The equation for the pH of a substance is pH = –log[H+], where H+ is the concentration of hydrogen ions. A basic solution has a pH of 11.2. An acidic solution has a pH of 2.4. What is the approximate difference in the concentration of hydrogen ions between the two solutions?
To find the approximate difference in the concentration of hydrogen ions between the two solutions, we need to first calculate the concentration of hydrogen ions for each solution using the given pH values.

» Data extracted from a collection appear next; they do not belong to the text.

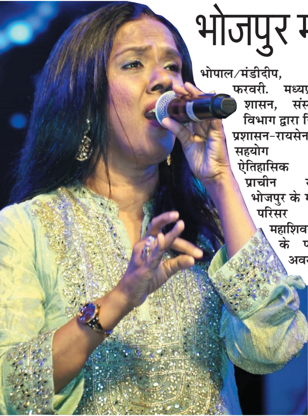
भोपाल/मंडीदीप, 16 फरवरी. मध्यप्रदेश शासन, संस्कृति विभाग द्वारा प्रशासन-रायसेन के सहयोग से ऐतिहासिक एवं प्राचीन स्थल भोजपुर के मंदिर परिसर में महाशिवरात्रि के पावन अवसर पर तीन दिवसीय 'महादेव' भोजपुर महोत्सव का आयोजन किया जा रहा है.

भोजपुर मंदिर परिसर में आयोजन, तीन दिवसीय सांस्कृतिक महोत्सव का दूसरा दिन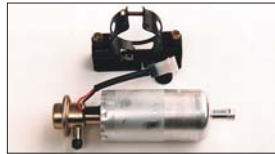
●大容量フューエルポンプ 本体 ¥36,300 ※吐出量 2.2L/分 (入口12φ出口8φ 本体54φ) ●フューエルポンプブラケット 本体 ¥1,790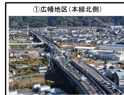
①広幡地区（本線北側）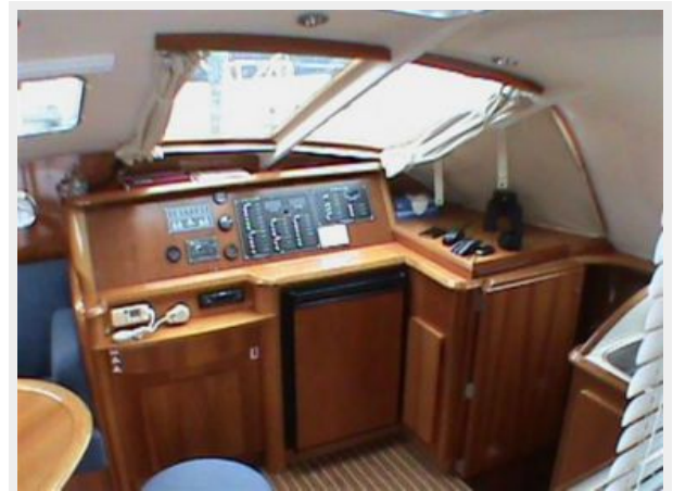
Station and Refrigerator

For the basic solution with a pH of 11.2, we can use the equation pH = -log[H+] and rearrange it to find the concentration [H+].
pH = -log[H+]
11.2 = -log[H+]
Next, we can rearrange the equation again to isolate [H+] by taking the antilog (10^) of both sides:
[H+] = 10^(-pH)
Now we can substitute the pH value of 11.2 into the equation:
[H+] = 10^(-11.2)
Using a scientific calculator, we find that [H+] is approximately 6.31 x 10^(-12) M.
Similarly, for the acidic solution with a pH of 2.4, we can follow the same steps:
[H+] = 10^(-2.4)
Using a scientific calculator, we find that [H+] is approximately 3.98 x 10^(-3) M.
Finally, to find the approximate difference in the concentration of hydrogen ions between the two solutions, we can calculate the ratio of the concentrations:
Ratio = [H+] of basic solution / [H+] of acidic solution
Ratio = (6.31 x 10^(-12)) / (3.98 x 10^(-3))
Dividing these values, we find that the ratio is approximately 1.58 x 10^(-9).
Therefore, the approximate difference in the concentration of hydrogen ions between the basic and acidic solutions is 1.58 x 10^(-9) times.